[[ COLLECTED MATERIAL, beginning ]]
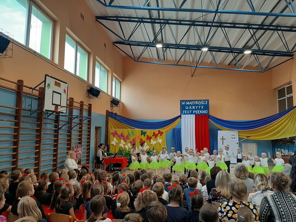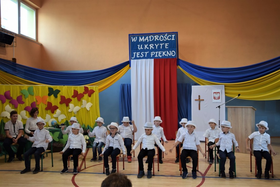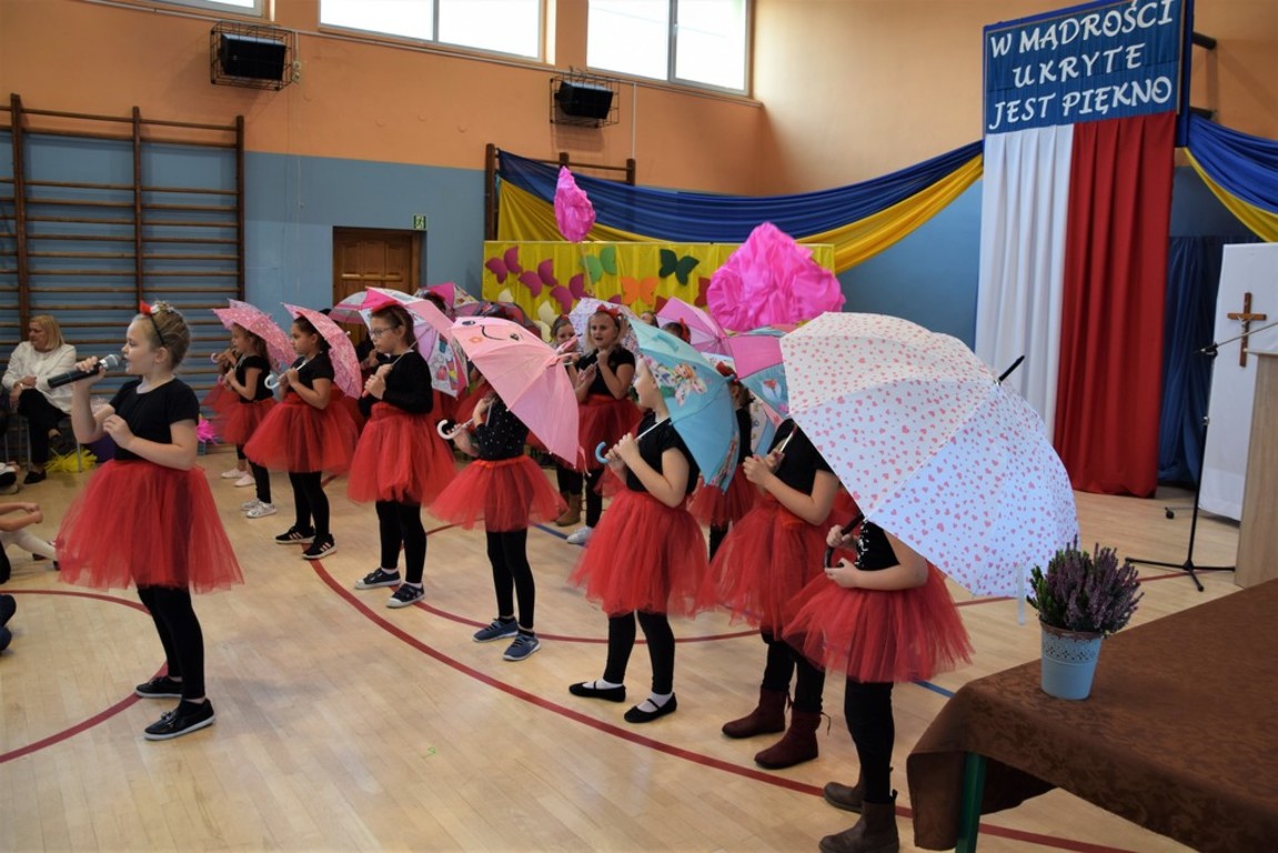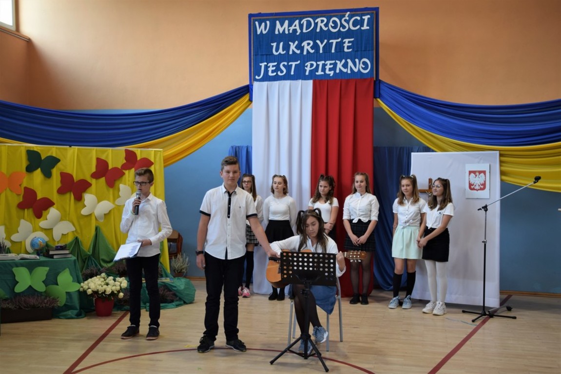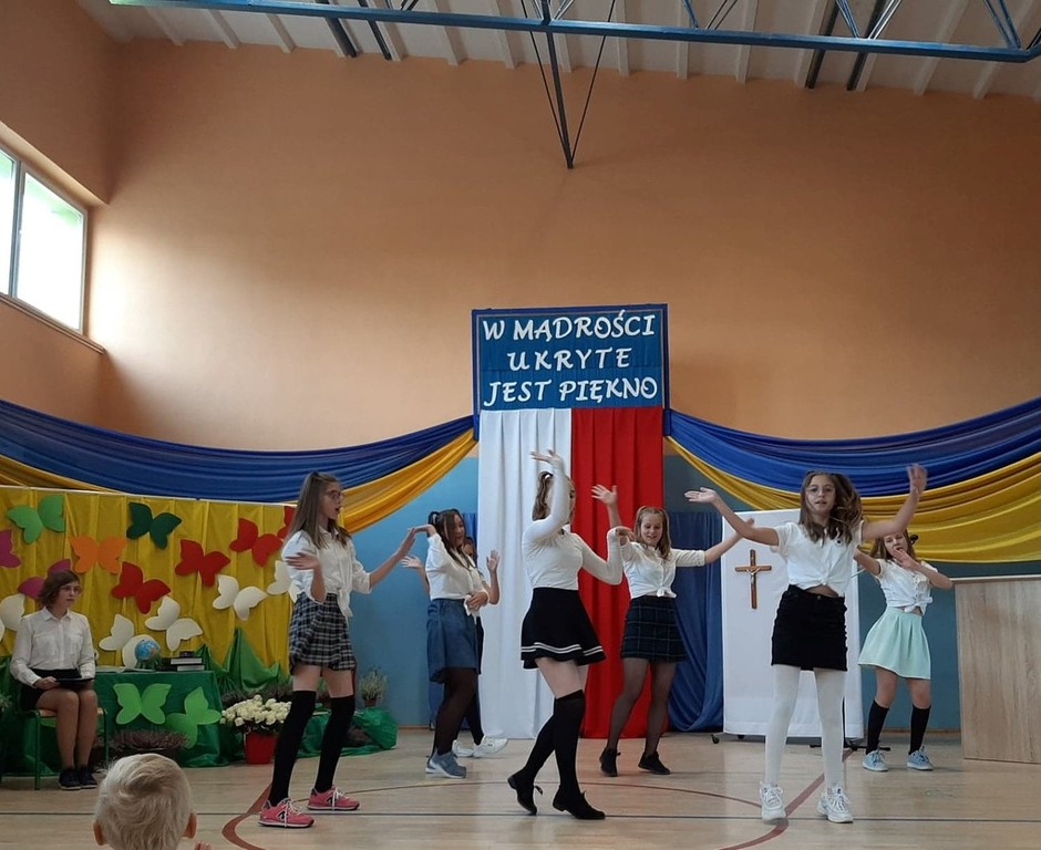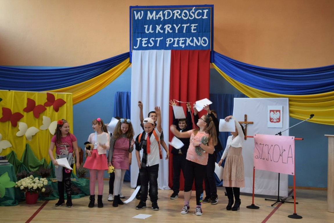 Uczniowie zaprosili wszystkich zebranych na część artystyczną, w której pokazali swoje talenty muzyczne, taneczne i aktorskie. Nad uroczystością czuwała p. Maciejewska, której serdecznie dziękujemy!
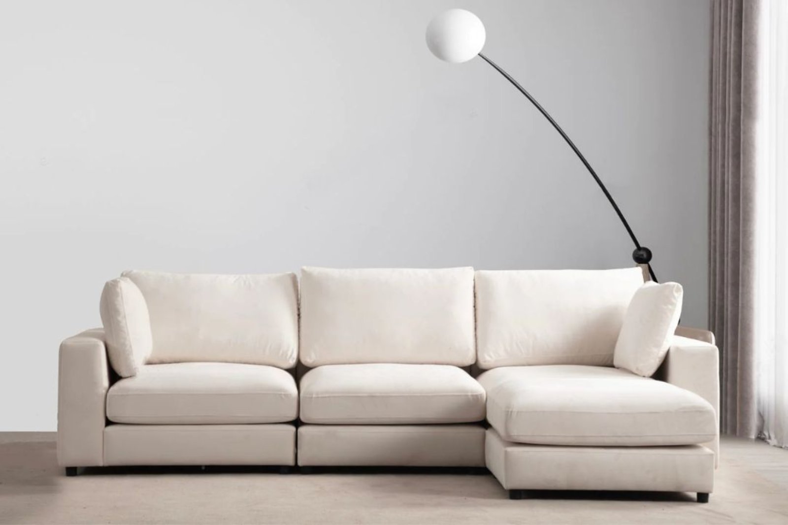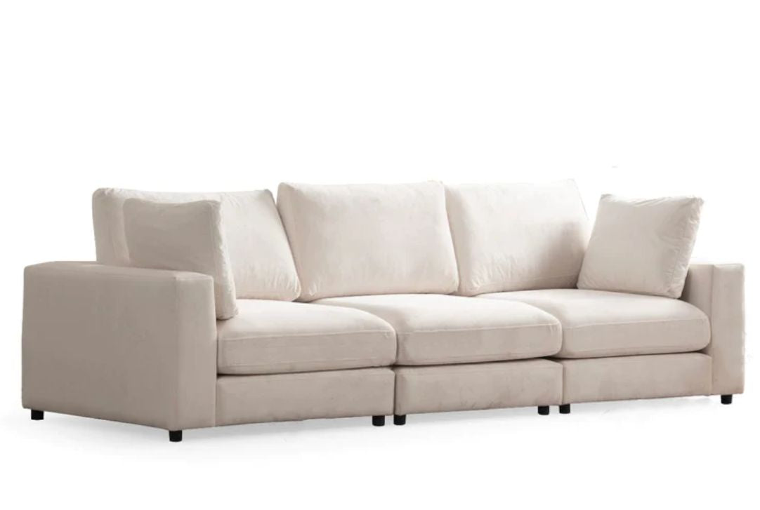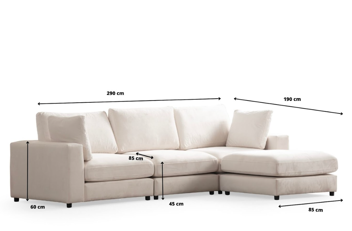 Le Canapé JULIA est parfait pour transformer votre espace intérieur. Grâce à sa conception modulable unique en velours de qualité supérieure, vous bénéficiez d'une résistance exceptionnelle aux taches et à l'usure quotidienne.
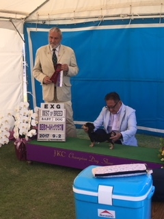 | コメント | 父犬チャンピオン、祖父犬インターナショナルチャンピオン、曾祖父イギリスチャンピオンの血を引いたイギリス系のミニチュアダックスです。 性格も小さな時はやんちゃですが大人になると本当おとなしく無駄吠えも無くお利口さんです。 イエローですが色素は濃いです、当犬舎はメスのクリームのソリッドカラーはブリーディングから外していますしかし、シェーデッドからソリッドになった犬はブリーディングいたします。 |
[[ COLLECTED MATERIAL, end ]]
**WHAT THE TASK ASKS:**
Retype, exactly as written, each line from the one containing "Le Canapé JULIA" through the end of the data above, and leave out every picture.

**SOLUTION:**
 Le Canapé JULIA est parfait pour transformer votre espace intérieur. Grâce à sa conception modulable unique en velours de qualité supérieure, vous bénéficiez d'une résistance exceptionnelle aux taches et à l'usure quotidienne.
 | コメント | 父犬チャンピオン、祖父犬インターナショナルチャンピオン、曾祖父イギリスチャンピオンの血を引いたイギリス系のミニチュアダックスです。 性格も小さな時はやんちゃですが大人になると本当おとなしく無駄吠えも無くお利口さんです。 イエローですが色素は濃いです、当犬舎はメスのクリームのソリッドカラーはブリーディングから外していますしかし、シェーデッドからソリッドになった犬はブリーディングいたします。 |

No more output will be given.